-------- RECORDED INFORMATION --------
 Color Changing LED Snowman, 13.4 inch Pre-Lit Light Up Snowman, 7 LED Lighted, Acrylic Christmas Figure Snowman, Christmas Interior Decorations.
--------
-------- RECORDED INFORMATION --------
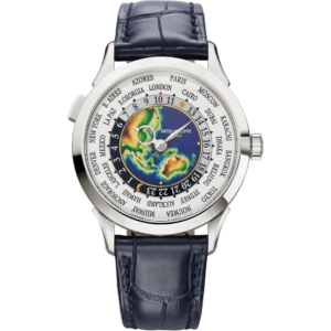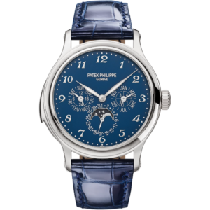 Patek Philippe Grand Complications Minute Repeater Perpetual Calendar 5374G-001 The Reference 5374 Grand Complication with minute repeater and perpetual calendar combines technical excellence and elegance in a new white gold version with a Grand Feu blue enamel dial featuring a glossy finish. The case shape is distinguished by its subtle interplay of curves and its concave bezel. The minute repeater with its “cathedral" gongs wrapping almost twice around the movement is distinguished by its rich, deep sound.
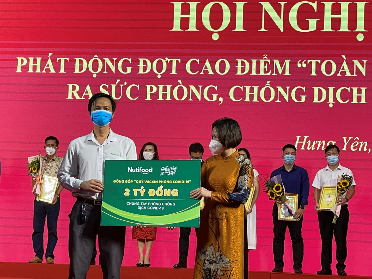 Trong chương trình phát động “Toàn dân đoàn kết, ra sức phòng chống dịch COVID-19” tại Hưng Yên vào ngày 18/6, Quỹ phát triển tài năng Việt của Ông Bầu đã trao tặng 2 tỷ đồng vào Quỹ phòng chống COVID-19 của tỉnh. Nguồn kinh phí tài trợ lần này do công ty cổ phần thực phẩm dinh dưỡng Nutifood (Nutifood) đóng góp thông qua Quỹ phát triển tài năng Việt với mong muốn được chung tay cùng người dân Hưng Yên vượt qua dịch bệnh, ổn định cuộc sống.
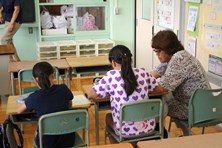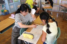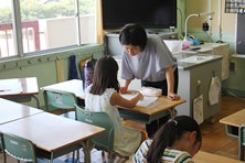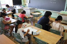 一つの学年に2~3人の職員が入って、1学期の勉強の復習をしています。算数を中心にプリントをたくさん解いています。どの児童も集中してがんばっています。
--------
-------- RECORDED INFORMATION --------
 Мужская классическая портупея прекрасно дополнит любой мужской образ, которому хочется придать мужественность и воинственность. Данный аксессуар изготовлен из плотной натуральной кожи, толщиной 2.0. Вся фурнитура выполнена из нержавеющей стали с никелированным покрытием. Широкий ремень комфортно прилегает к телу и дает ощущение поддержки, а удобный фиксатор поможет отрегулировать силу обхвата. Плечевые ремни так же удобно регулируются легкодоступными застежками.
--------
EXERCISE DIRECTIONS => Starting at the line containing "Trong chương trình" and stopping at the line containing "一つの学年に2~3人の職員が", output each line exactly as it appears above. Leave out the pictures.

RESPONSE =>
 Trong chương trình phát động “Toàn dân đoàn kết, ra sức phòng chống dịch COVID-19” tại Hưng Yên vào ngày 18/6, Quỹ phát triển tài năng Việt của Ông Bầu đã trao tặng 2 tỷ đồng vào Quỹ phòng chống COVID-19 của tỉnh. Nguồn kinh phí tài trợ lần này do công ty cổ phần thực phẩm dinh dưỡng Nutifood (Nutifood) đóng góp thông qua Quỹ phát triển tài năng Việt với mong muốn được chung tay cùng người dân Hưng Yên vượt qua dịch bệnh, ổn định cuộc sống.
 一つの学年に2~3人の職員が入って、1学期の勉強の復習をしています。算数を中心にプリントをたくさん解いています。どの児童も集中してがんばっています。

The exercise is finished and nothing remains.